_Task:_
Using the data below, restate exactly every line from the one with "計(jì)算滑坡規(guī)" up to and including the one with "W środę, 13". No picture belongs in it.

_Recorded data:_

★ ★ ★ ★ ★ ★ ★

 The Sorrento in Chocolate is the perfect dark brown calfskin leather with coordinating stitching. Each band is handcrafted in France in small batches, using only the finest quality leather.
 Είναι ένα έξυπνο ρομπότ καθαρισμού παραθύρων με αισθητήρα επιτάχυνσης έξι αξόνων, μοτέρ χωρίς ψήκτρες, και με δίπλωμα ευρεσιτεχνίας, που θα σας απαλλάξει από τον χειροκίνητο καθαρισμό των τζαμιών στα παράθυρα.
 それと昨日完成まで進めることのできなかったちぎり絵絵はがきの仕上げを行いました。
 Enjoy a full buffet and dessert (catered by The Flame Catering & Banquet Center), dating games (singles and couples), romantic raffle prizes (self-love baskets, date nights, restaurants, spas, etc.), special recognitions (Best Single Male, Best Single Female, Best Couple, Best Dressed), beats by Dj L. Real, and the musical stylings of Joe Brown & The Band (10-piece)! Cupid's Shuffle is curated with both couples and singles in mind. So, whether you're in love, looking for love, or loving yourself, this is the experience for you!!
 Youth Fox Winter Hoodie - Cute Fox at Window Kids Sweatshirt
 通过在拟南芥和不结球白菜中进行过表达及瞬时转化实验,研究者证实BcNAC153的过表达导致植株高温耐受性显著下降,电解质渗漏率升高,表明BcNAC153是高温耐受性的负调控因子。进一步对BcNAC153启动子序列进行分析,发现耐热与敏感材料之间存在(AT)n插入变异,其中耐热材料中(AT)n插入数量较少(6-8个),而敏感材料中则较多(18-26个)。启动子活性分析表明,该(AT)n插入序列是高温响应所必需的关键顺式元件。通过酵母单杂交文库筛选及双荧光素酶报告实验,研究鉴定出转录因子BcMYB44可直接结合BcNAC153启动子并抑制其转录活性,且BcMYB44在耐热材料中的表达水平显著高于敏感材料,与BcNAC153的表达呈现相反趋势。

★ ★ ★ ★ ★ ★ ★

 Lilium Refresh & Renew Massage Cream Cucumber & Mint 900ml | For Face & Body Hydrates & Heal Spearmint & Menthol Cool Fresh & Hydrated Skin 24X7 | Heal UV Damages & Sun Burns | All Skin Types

★ ★ ★ ★ ★ ★ ★

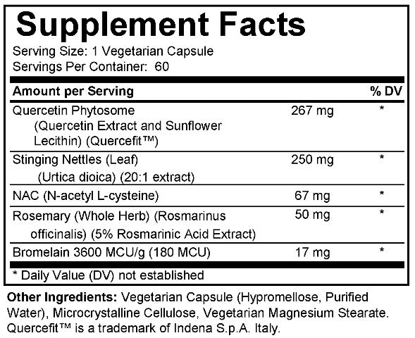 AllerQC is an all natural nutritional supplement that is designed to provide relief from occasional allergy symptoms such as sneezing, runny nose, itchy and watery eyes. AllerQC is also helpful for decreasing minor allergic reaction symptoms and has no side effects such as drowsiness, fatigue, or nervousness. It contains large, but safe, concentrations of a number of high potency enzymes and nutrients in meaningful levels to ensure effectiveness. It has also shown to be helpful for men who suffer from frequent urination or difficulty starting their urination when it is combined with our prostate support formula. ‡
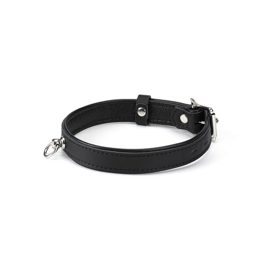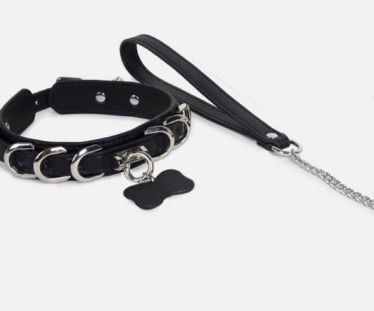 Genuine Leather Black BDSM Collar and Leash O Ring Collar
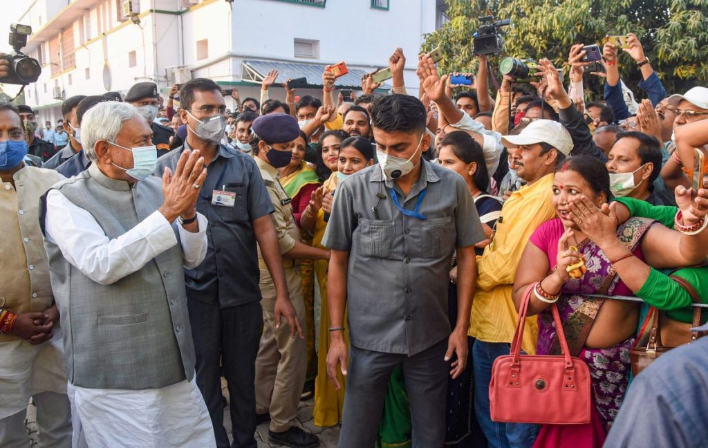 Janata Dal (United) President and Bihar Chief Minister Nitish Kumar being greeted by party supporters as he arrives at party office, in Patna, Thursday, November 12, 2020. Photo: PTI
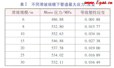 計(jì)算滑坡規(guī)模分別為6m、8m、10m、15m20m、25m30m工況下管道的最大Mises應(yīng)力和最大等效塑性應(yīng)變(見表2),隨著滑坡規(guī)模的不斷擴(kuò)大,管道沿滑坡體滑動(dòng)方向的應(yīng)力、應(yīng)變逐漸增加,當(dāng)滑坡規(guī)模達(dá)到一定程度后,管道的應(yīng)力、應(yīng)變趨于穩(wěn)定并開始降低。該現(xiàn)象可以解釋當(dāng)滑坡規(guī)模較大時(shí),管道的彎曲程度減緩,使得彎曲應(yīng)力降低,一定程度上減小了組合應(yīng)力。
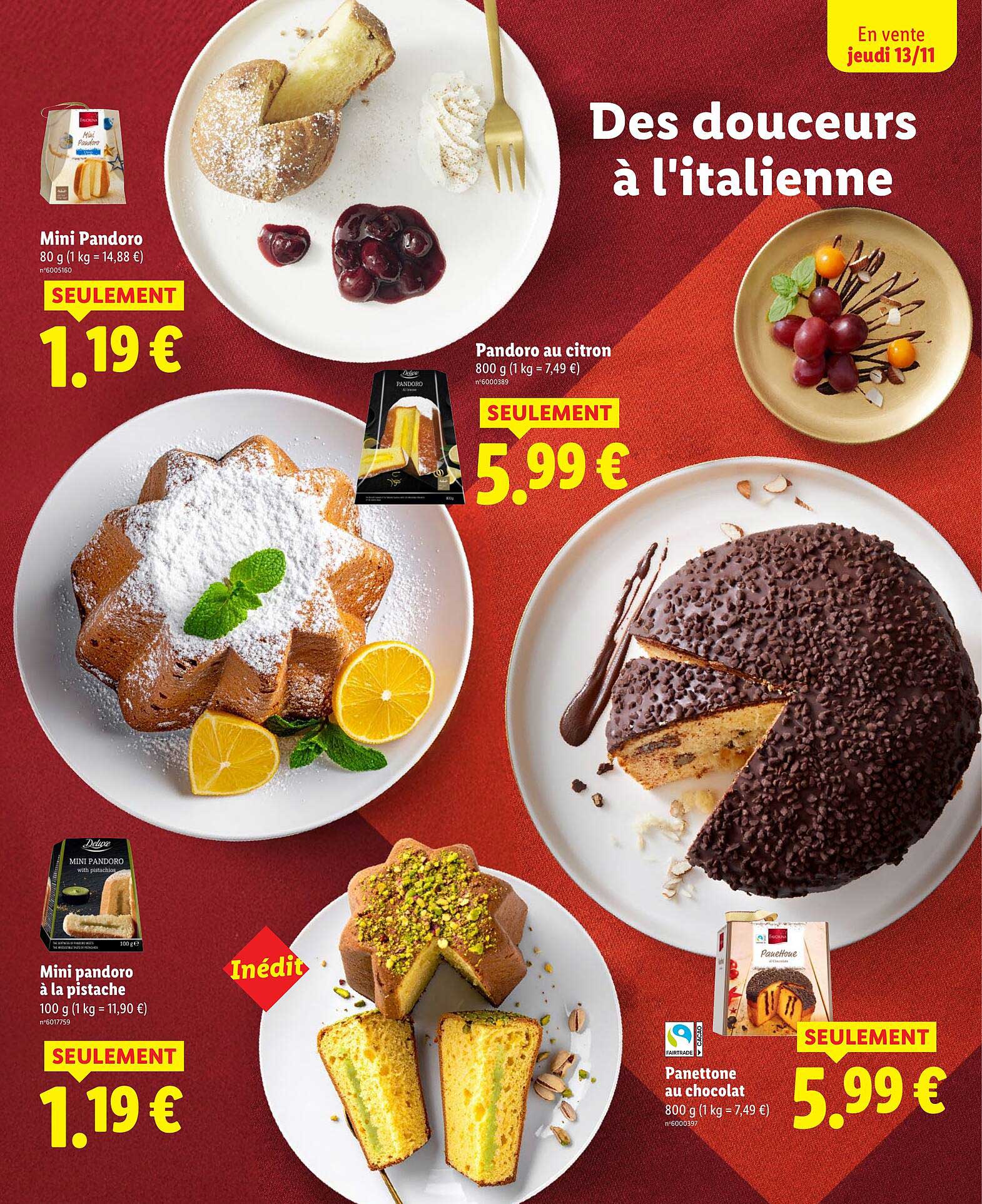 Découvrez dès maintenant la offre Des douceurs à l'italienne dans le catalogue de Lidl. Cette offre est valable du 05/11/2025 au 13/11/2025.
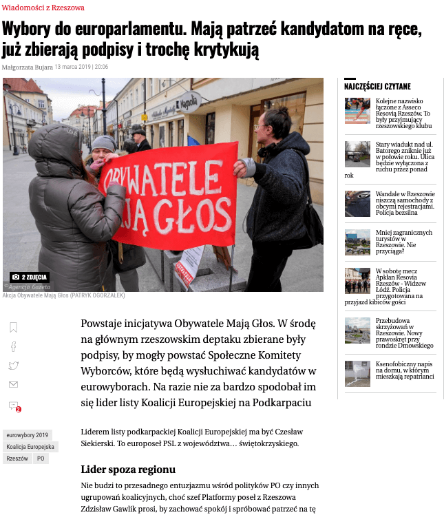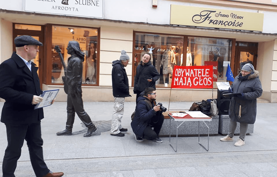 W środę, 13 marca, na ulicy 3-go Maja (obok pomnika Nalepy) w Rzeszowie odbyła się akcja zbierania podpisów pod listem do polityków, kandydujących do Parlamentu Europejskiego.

★ ★ ★ ★ ★ ★ ★

_Reply to the task:_
 計(jì)算滑坡規(guī)模分別為6m、8m、10m、15m20m、25m30m工況下管道的最大Mises應(yīng)力和最大等效塑性應(yīng)變(見表2),隨著滑坡規(guī)模的不斷擴(kuò)大,管道沿滑坡體滑動(dòng)方向的應(yīng)力、應(yīng)變逐漸增加,當(dāng)滑坡規(guī)模達(dá)到一定程度后,管道的應(yīng)力、應(yīng)變趨于穩(wěn)定并開始降低。該現(xiàn)象可以解釋當(dāng)滑坡規(guī)模較大時(shí),管道的彎曲程度減緩,使得彎曲應(yīng)力降低,一定程度上減小了組合應(yīng)力。
 Découvrez dès maintenant la offre Des douceurs à l'italienne dans le catalogue de Lidl. Cette offre est valable du 05/11/2025 au 13/11/2025.
 W środę, 13 marca, na ulicy 3-go Maja (obok pomnika Nalepy) w Rzeszowie odbyła się akcja zbierania podpisów pod listem do polityków, kandydujących do Parlamentu Europejskiego.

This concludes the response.